- GIVEN DATA
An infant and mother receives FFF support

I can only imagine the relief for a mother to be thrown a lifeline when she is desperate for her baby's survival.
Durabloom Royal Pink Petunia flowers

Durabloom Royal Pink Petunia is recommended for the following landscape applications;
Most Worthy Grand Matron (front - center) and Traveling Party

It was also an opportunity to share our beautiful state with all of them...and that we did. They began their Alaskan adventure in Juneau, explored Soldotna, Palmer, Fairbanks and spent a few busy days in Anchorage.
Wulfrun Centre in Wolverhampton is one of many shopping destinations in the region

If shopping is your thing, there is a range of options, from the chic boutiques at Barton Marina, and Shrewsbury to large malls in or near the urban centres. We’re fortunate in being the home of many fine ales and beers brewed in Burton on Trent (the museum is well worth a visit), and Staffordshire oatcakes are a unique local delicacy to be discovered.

...

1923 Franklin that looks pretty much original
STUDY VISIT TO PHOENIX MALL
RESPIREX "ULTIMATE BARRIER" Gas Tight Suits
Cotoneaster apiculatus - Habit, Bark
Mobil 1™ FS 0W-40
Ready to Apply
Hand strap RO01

- YOUR OBJECTIVE
From the data above, output only the lines between the line containing "An infant and mother receives FFF support" and the line containing "It was also", inclusive, exactly as written.

- WRITTEN ANSWER
An infant and mother receives FFF support

I can only imagine the relief for a mother to be thrown a lifeline when she is desperate for her baby's survival.
Durabloom Royal Pink Petunia flowers

Durabloom Royal Pink Petunia is recommended for the following landscape applications;
Most Worthy Grand Matron (front - center) and Traveling Party

It was also an opportunity to share our beautiful state with all of them...and that we did. They began their Alaskan adventure in Juneau, explored Soldotna, Palmer, Fairbanks and spent a few busy days in Anchorage.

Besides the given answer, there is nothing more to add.